De Sahar Mechri, correspondante à Sousse – Les entreprises tunisiennes sont à l’honneur à l’occasion des Journées de l’entreprise 2022 organisées par l’Institut arabe des chefs d’entreprise. Lors d’un panel datant du vendredi 9 décembre, Noureddine Hajji, Managing Partner EY Tunisie, intervient dans ce 2e panel des JES2022 sur le thème “Nouvelles contraintes, nouvelles stratégies de l’entreprise”.

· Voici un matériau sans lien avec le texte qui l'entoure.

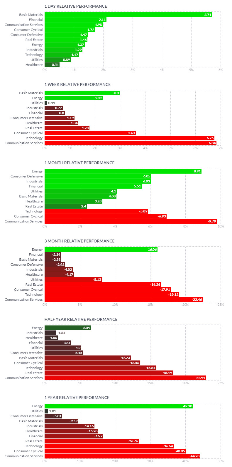 | 금융 | XLF | 33.9 | 1.7% | 햇빛 | 10.2% | -4.2% | -13.7% |
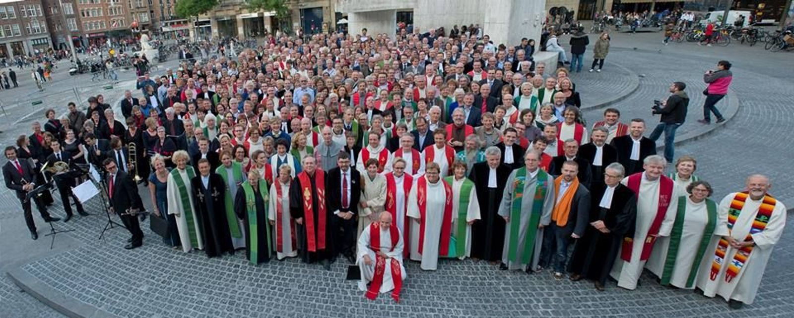 Dat moet een apart gezicht geweest zijn. Amsterdammers en toeristen zullen opgekeken hebben: witte, zwarte, grijze en blauwe toga’s namen bezit van het plein. Vervolgens werd de groepsfoto gemaakt. Het past bij de trend: predikanten willen meer zichtbaar worden in de samenleving.

Un décalage entre l’intention et la réalisation
Les intentions, même en étant les meilleures du monde, ne sont pas en adéquation avec les réalisations sur le terrain. “Il y a de l’optimisme dans les intentions du gouvernement, mais finalement peu de réalisations sur le terrain”, affirme Hajji. Le secteur privé souffre de fortes inquiétudes et d’un certain pessimisme. L’entreprise tunisienne fait face à des enjeux et des défis de taille par rapport à un marché mondial en plein bouleversement.
L’oppression du contexte général
“L’entreprise tunisienne est déjà opprimée, entre un contexte économique et un contexte politique peu favorables. Pourtant, l’entreprise tunisienne nous a agréablement étonnés par sa capacité de résilience”, déclare Hajji. De fait, il encourage les réussites des entreprises privées tunisiennes, qui sont parvenues à croître malgré tous ces obstacles. “Certaines entreprises ont fait mieux que résister. Elles ont réalisé une belle croissance et ont servi les marchés extérieurs”.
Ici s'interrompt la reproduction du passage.